Jaifroid avatar Sep 23 '21 10:09 Jaifroid

See as well https://phabricator.wikimedia.org/T226931. It seems there is a momentum these days to fix it upstream...

kelson42 avatar Dec 05 '21 10:12 kelson42

"Cambridge" still inaccessible in the December Wikivoyage in English... The lag hasn't caught up yet...

Jaifroid avatar Dec 17 '21 16:12 Jaifroid

This issue has been automatically marked as stale because it has not had recent activity. It will be now be reviewed manually. Thank you for your contributions.

stale[bot] avatar Mar 02 '22 08:03 stale[bot]

@kelson42 "Cambridge (England)" article is STILL inaccessible in wikivoyage_en_all_maxi_2022-05.zim. Can there really be a 15-month time lag? No movement on the Phabricator ticket since December 2021.

Is there any conceivable workaround we can introduce on our side?

Jaifroid avatar May 07 '22 10:05 Jaifroid

@Jaifroid Funny that you come back on this ticket today, 2 days ago something happened related to this bug... might be fixed in a near future at Wikimedia... but too early to be sure.

kelson42 avatar May 07 '22 10:05 kelson42

It's because I'm preparing the next Wikivoyage release, so I checked again. Thanks for the update! Fingers crossed...

Jaifroid avatar May 07 '22 12:05 Jaifroid

Just to add some more data points, and something very strange which suggests the issue is not only with the API:

I made major updates to the article https://en.wikivoyage.org/wiki/Santa_Cruz_de_Mompox on 15th April. On 22nd April, a new Wikivoyage ZIM was created that did not contain these updates. I subsequently checked the REST API version https://en.wikivoyage.org/api/rest_v1/page/html/Santa_Cruz_de_Mompox, and it was the updated version.

I fully expected the May Wikivoyage, published on 4th May, to reflect these updates. However, it still shows the out-of-date version. Curiously, the footer points to https://en.wikivoyage.org/wiki/?title=Santa_Cruz_de_Mompox&oldid=4430914 , which is the updated version last edited 17th April, but the actual text scraped is a previous version, prior to my changes.

How can this be? Why does the footer point to a recent update, but the text does not correspond to that update?

Jaifroid avatar May 08 '22 20:05 Jaifroid

Looks like this bug has been finally fixed upstream. Hopefully next generation ZIM file will be OK.

kelson42 avatar May 26 '22 16:05 kelson42

@kelson42 This is good news! I'll attempt to corroborate with the next iteration.

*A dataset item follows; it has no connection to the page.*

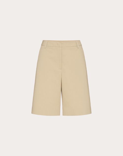 Bermuda in Diagonal Cotton Linen - Chiusura zip e gancino - Diagonal Cotton Linen (77%Cotone, 23%Lino) - Sfoderati - Lunghezza 50,5 cm da punto vita per la taglia 40 IT - Fondo gamba 31 cm per la taglia 40 IT - Lunghezza interna della gamba 27 cm per la taglia 40 IT - La modella è alta 176 cm e indossa una taglia 40 IT - Made in ItalyIl look è completato con una borsa Valentino Garavani Locò e scarpe Valentino Garavani Rockstud.
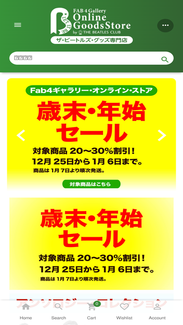 88%国内外のビートルズ・グッズを多数取り揃えてみなさまのアクセスをお待ちしています。ビートルズ・ファンが集まる憩いの場「FAB4ギャラリー レット・イット・ビー」が運営するオンライン・ストアです。

Jaifroid avatar May 26 '22 20:05 Jaifroid

@kelson42 Unfortunately, it is still not possible to open the article "Cambridge (England)" in wikivoyage_en_all_maxi_2022-06.zim which was scraped in the last couple of days. Also, the article "Santa Cruz de Mompox" is still the old version prior to the major edits I myself made on 15th April this year. Additionally, the footer of our scraped page directs to an updated version of the article (in history) which is NOT the one contained in our scrape.

Compare:

  • https://library.kiwix.org/wikivoyage_en_all_maxi_2022-06/A/Santa_Cruz_de_Mompox (June 2022 scrape)
  • https://en.wikivoyage.org/wiki/Santa_Cruz_de_Mompox (online)

You will notice missing images in our scrape, and the lede is completely different. HOWEVER; if I click on the footer link in our scrape, it points to https://en.wikivoyage.org/wiki/?title=Santa_Cruz_de_Mompox&oldid=4430914 which is the supposedly updated version. This is NOT the version that has been scraped.

So either the footer information is incorrect or something very strange is going on.

Jaifroid avatar Jun 05 '22 13:06 Jaifroid

@Jaifroid Thx for testing that. I launched the scrap manualy earlier as I though I will get a feedback from you. I will need the information upstream.

kelson42 avatar Jun 05 '22 16:06 kelson42

@Jaifroid I tested myself and full confirm the bug is still there and reported it upstream accordingly.

kelson42 avatar Jun 08 '22 08:06 kelson42

Hello, I have similar problem with French Wikivoyage.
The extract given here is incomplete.